5. Ташкент. 1941 – 1943 гг.
- А что же делали вы? – спросил я.
- Импровизировала, как и все.Алексей Николаевич
только написал схему действия, предоставив актерам полную свободу. Он сам
упивался этой свободой и играл своего плотника с упоением и восторгом.
Я была костюмершей – после каждого неудачного дубля шла к Окуневской подправлять
костюм. Большая, в нелепой одежде «всех эпох и народов», с авоськой, в
которой лежали зеленый лук и галоши, я выходила на крышу и требовала:
- Повернитесь!
- Боже, вы меня уводите! – капризно говорила
Танечка. – Я вырастила зерно, а вы меня уводите.
- Никуда я тебя, милая, не увожу. Стой на месте.
Очень мне надо. Я вон отовариться не успела, мне еще саксаул получать и
козинаки, говорят, дают.
- Боже, о чем вы? – удивлялась Окуневская. – Вы уводите меня.
- Да куда ж я тебя увожу! Нужно мне очень! Думаешь,
интересно здесь торчать без дела, когда люди в очередях стоят. А уйдешь
– ты вон три минуты пела, а уже подол разодрала!
Этот диалог продолжался между каждой очередной
«съемкой» на протяжении всего скетча. При втором, третьем моем появлении
публика, хохоча, уже не давала мне начать.

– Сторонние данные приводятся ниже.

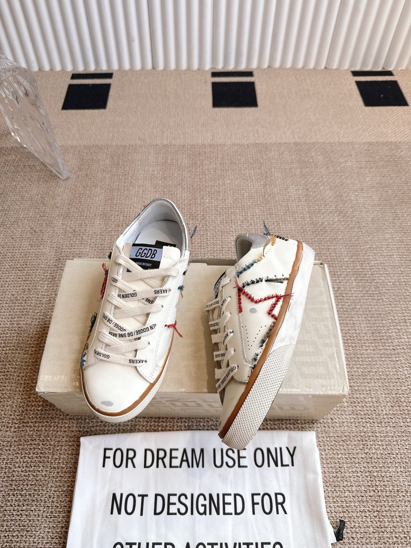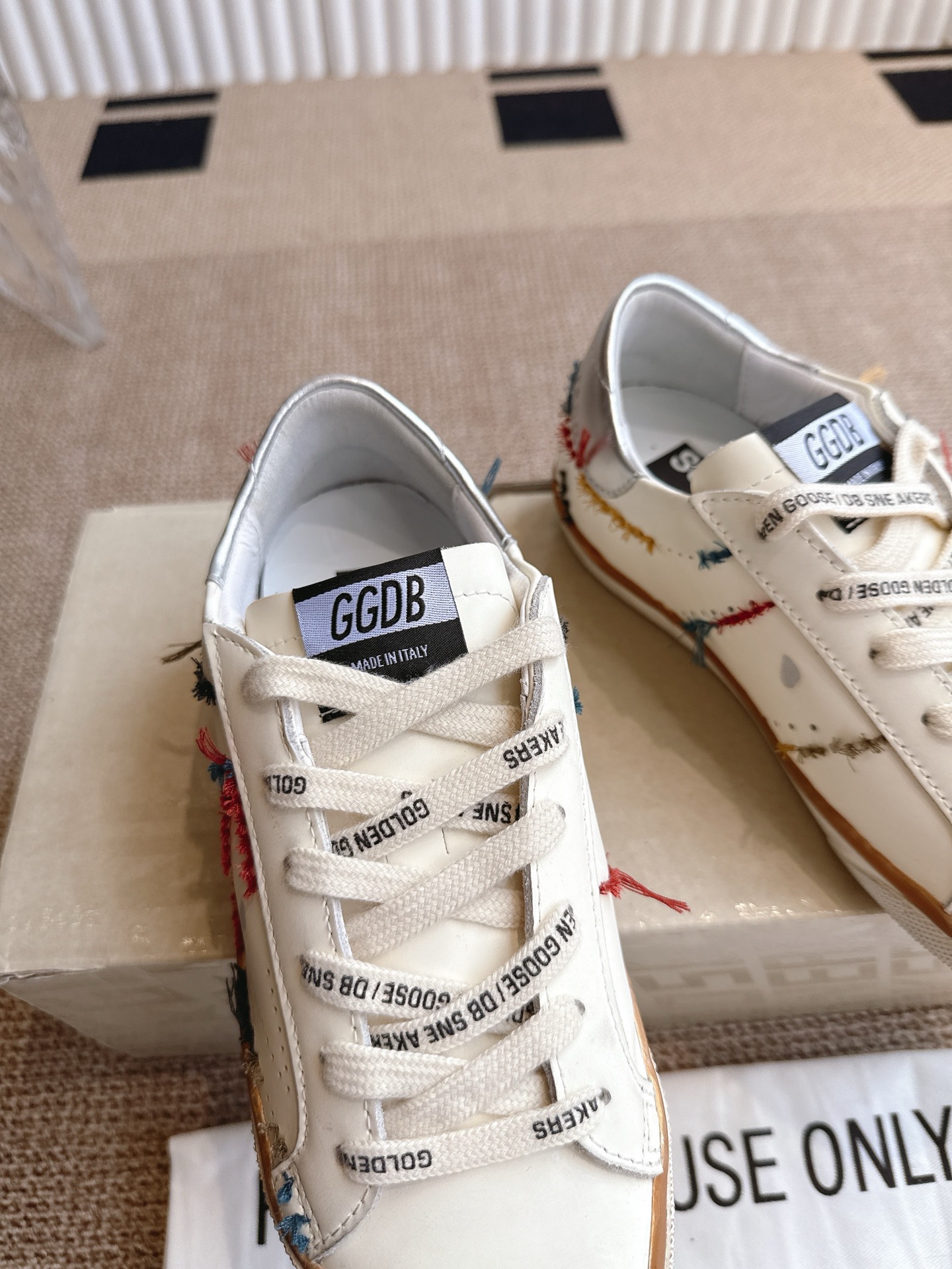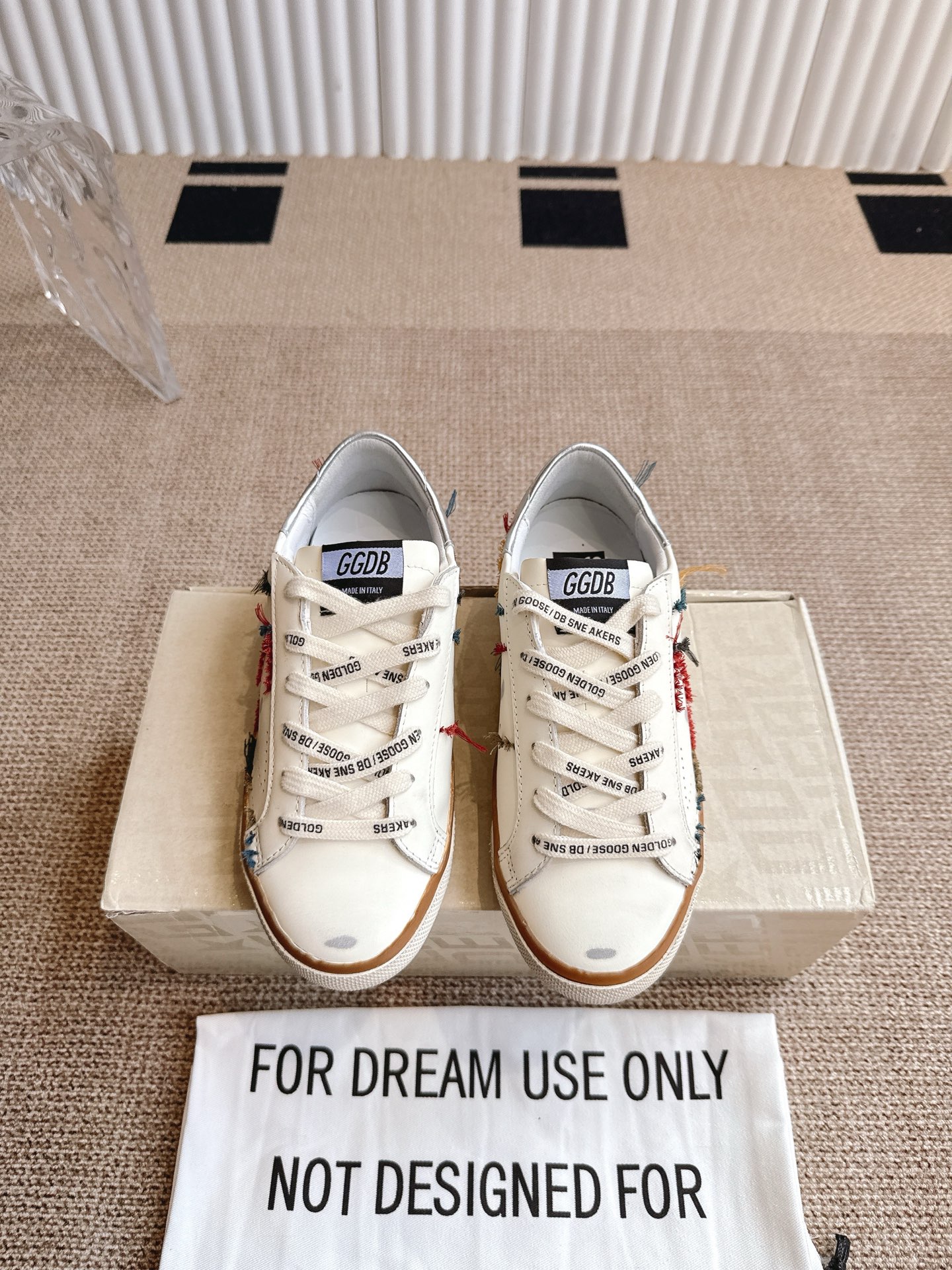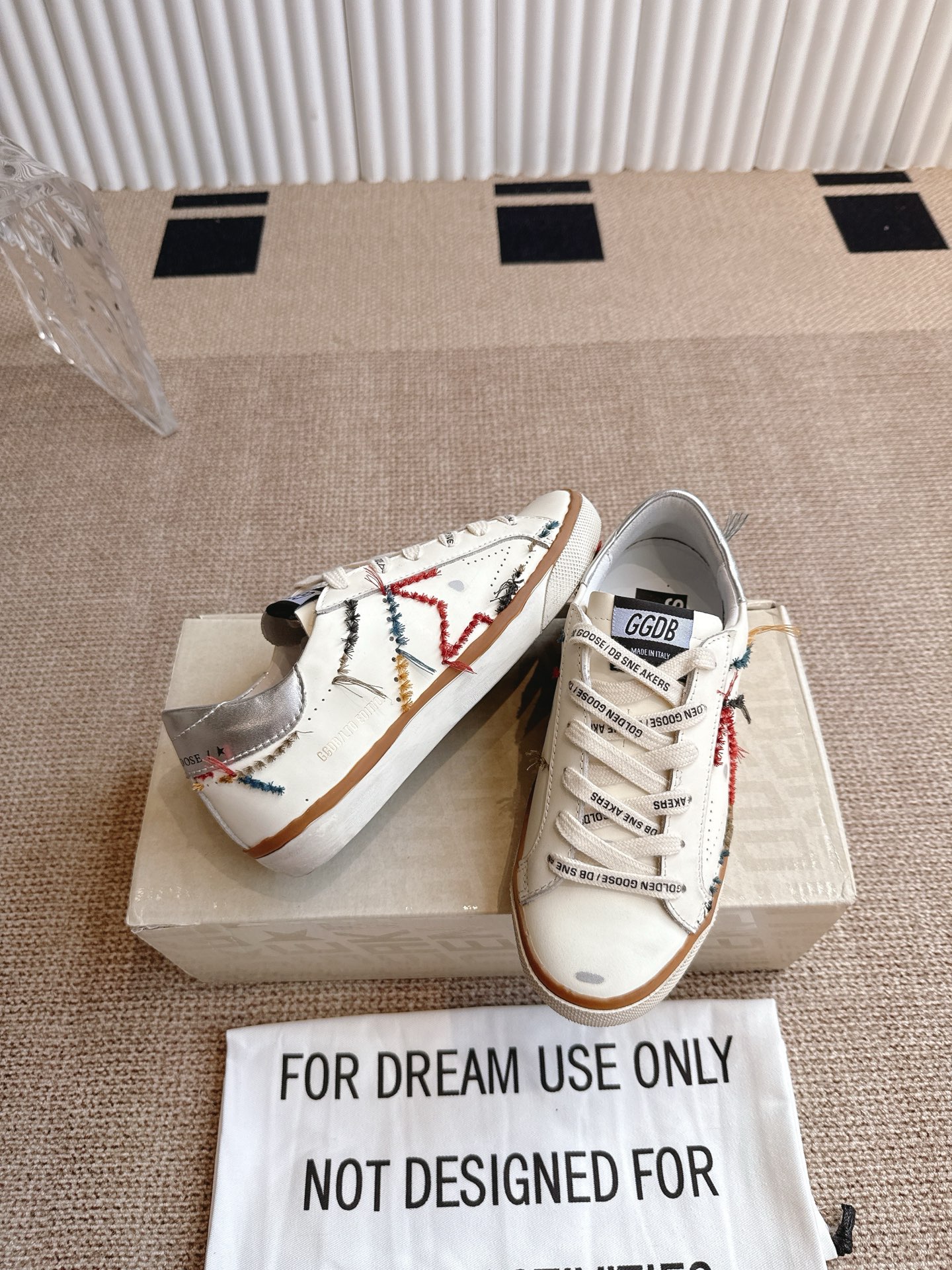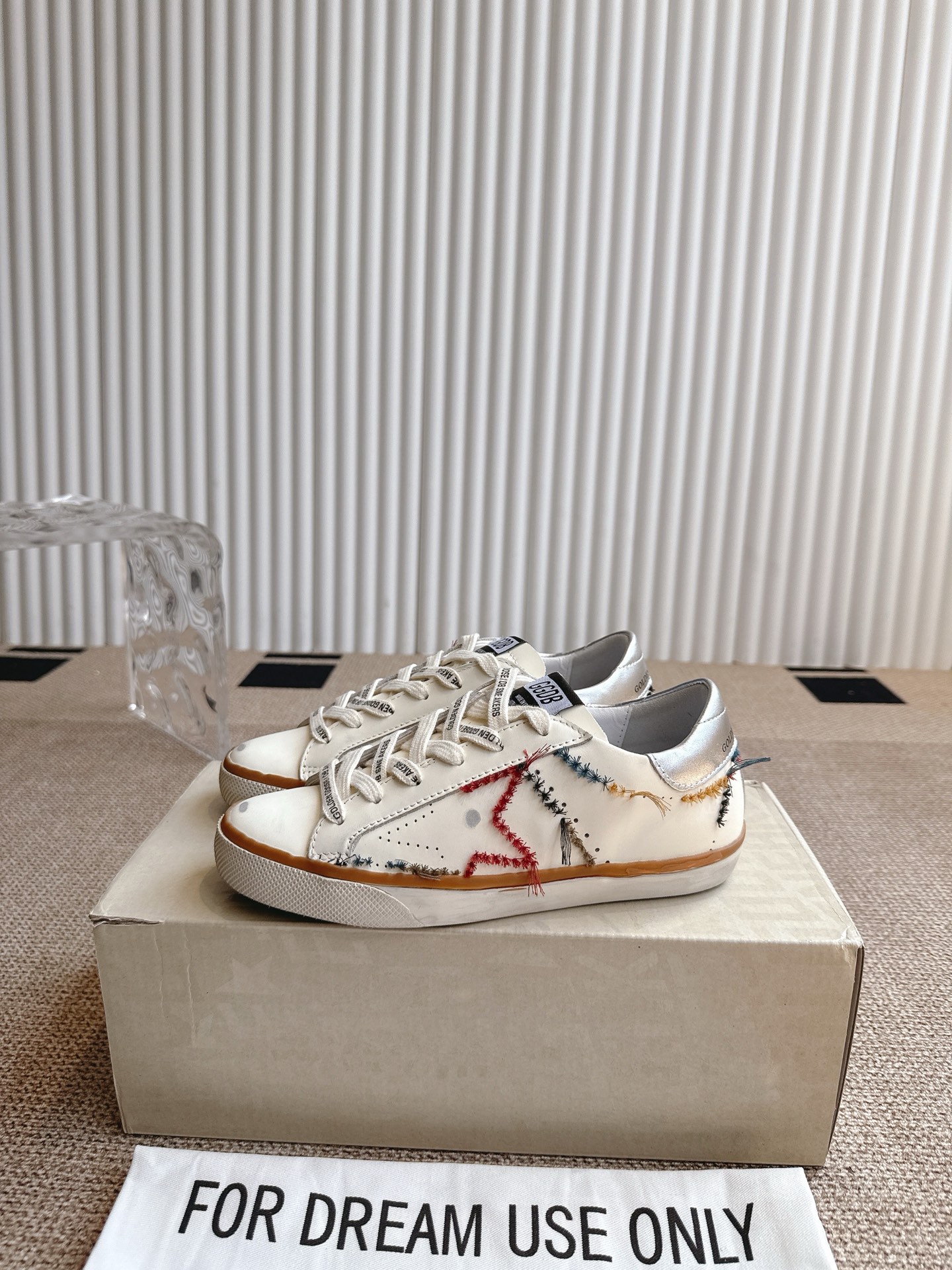 这款鞋子是AAAAA 1:1 质量 (非常棒). 使用了和原版一模一样的材料. 商标部分也保持了和Golden Goose一样. 图片拍摄是实物鞋子拍摄, 您所收到的实物保证和我们图片一模一样.

А я продолжала обсуждать насущные
проблемы дня, приходила в ужас от свалившихся на меня забот, которые на
самом деле были невеселыми, но выставленные в смешном свете становились
проще и легче, и зрители радовались возможности посмеяться над тем, что
ежедневно окружало их, чью нелепость они уже не замечали.
А играли все как! Я этого вечера забыть не могу!
Это, знаете, бывает очень редко, когда актеры заражаются друг от друга
и творят такое, не понять, откуда что берется! И тут все оказывается к
месту – и фарс, и утрированный сантимент, - все органично. И актер, если
он действительно актер, купается в этом всеобщем творчестве.
На Михоэлса и Толстого я не могла насмотреться,
поражаясь их выдумке, которая фонтанировала ежесекундно: вдруг, во время
объявленного режиссером перерыва, они начинали усиленно прибивать какой-то
карниз к декорации, грохоча молотками. Но грохоча так, что ни одной реплики
их грохот не перекрывал, - это тоже искусство! Осип орал на них: они, дескать,
мешали ему делать ценные режиссерские указания, а на самом деле зрители
слышали каждое его слово.
А Мартинсон с его пластикой человека, у которого
нет костей! А Окуневская? Голосок – ангельский! И вообще она – чудесная
женщина и умница на редкость. Красавица…»
Из книги «Дневники на клочках»:
«В первый раз, придя к ней (к Ахматовой) в Ташкенте,
я застала ее сидящей на кровати. В комнате было холодно, на стене следы
сырости. Была глубокая осень, от меня пахло вином.
- Я буду Вашей madame Lambaille, пока мне не
отрубили голову – истоплю вам печку.
- У меня нет дров, - сказала она весело.
- Я их украду.
- Если Вам это удастся – будет мило.
Большой каменный саксаул не влезал в печку, я
стала просить на улице незнакомых людей разрубить эту глыбу. Нашелся добрый
человек, столяр или плотник, у него за спиной висел ящик с топором и молотком.
Пришлось сознаться, что за работу мне нечем платить. «А мне и не
надо денег, вам будет тепло, и я рад за вас буду, а деньги что? Деньги
не все».
Я скинула пальто, положила в него краденое добро
и вбежала к Анне Андреевне.
- А я сейчас встретила Платона Каратаева.
- Расскажите…
«Спасибо, спасибо», повторяла она. Это относилось
к нарубившему дрова. У нее оказалась картошка, мы ее сварили и съели.
Никогда не встречала более кроткого, непритязательного
человека, чем она…
…В Ташкенте она часто звала меня с ней гулять.
Мы бродили по рынку, по старому городу. Ей нравился Ташкент, а за мной
бежали дети и хором кричали: «Муля, не нервируй меня». Это очень надоедало,
мешало мне слушать ее. К тому же я остро ненавидела роль, которая дала
мне популярность. Я сказала об этом Анне Андреевне. «Сжала руки под темной
вуалью» - это тоже мои Мули», - ответила она…
…Как-то А.А. за что-то на меня рассердилась.
Я, обидевшись, сказала ей что-то дерзкое. «О, фирма – 2 петуха!» – засмеялась
она.»
В 1943 г. Раневская возвращается в Москву.